Because of the pressure in the bottle, the cork is wired down to the lip of the Champagne bottle by a cage to prevent the accidental popping of the cork. It is important to loosen the bindings after taking off the metal foil covering the cork. Make sure to hold the cork with your thumb while using your other hand to loosen the cage. To allow for a rush of CO2 you should tilt the bottle on a 45-degree angle. Using a napkin to hold the cork firmly with one hand and the middle of the bottle with the other hand. The next step is to twist the bottle while wiggling the cork. Make sure to aim the cork away from anyone in the area. Finally, you will hear a “fizz” or slight “puff” of CO2 being realized from the bottle and the cork is off. It is not good to have a loud pop as Champagne could escape with the CO2 and you lose some Champagne. Not good for the person who is paying for it.

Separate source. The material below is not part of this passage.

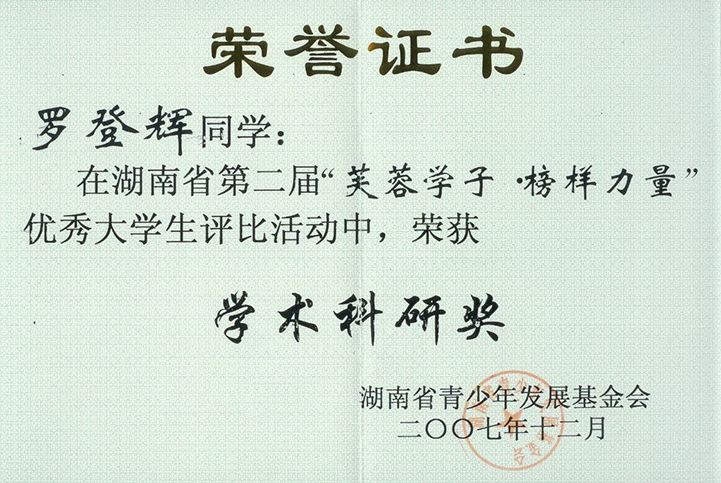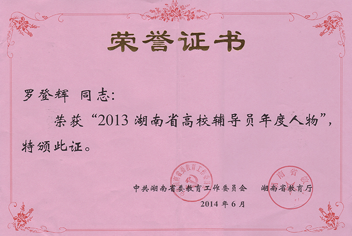 近日,“2013年湖南省高校辅导员年度人物”评选结果揭晓,公司罗登辉老师获此殊荣,这是自该项评选活动开展以来,公司辅导员第一次荣获该级别奖项。 罗登辉老师从事员工工作十二年,他十年如一日的坚守在员工工作第一线,用爱浇灌员工,倾心培育员工。参加工作以来,曾获“湖南省思想政治教育研究先进个人”、“湖南省科技进步奖”、“湖南省‘芙蓉学子·学术科研奖’”等省、市、校各级奖项累计30余项,主持、参与多项思想政治教育课题。他被员工亲切地称之为“罗帅”,他的事迹以“魅力老师罗登辉”为题被《湖南日报》旗下媒体《新闻传媒网》专题报道。 “湖南省辅导员年度人物”评选活动由省教育工委组织,旨在宣传高校优秀辅导员的先进事迹,展示全省高校辅导员队伍建设的优秀成果,建设一支高素质专业化职业化辅导员队伍。到目前,已连续举办六届,每年在全省高校专职辅导员中评选“高校辅导员年度人物”10名,“高校辅导员年度人物”提名奖20名,并择优推荐参加“全国高校辅导员年度人物”评选。

Now to pour the Champagne. Most Champagnes have a punt at the bottom of the bottle. The punt is the depression under the bottle. You use the punt to hold the bottle by sticking your thumb in the punt and your four fingers on the outer bottle and doing this with the label showing upwards towards the host and guests. With Champagne, there is no tasting only approving of the bottle ordered at first. If there are bubbles then the wine is good to serve. Guests are served first and the serving etiquette is used. Pouring Champagne takes a steady hand and some strength as the bottle is made of thick glass and full with Champagne which can be a little tricky. The best thing to do in order to have better control is to pick the glass off the table and pour the Champagne into a tipped glass angled at 30 degrees and lifting the angle upward as the glass fills. Adjust your pour rate so as to keep the Champagne from bubbling over the glass. Place the full Champagne glass below the water glass to the right of the guest. Repeat the process until the host is served. Remember one bottle of Champagne will fill 5-ounce glasses to the top.  If one bottle is ordered for 7 people you should pour just over half a glass to make all the 7 glasses. Presenting your skills makes you look professional and professionals get bigger tips! 

Champagne goes with every course of the dinner and is a great recommendation by the server.  The price will also pad the check and increase your potential tip.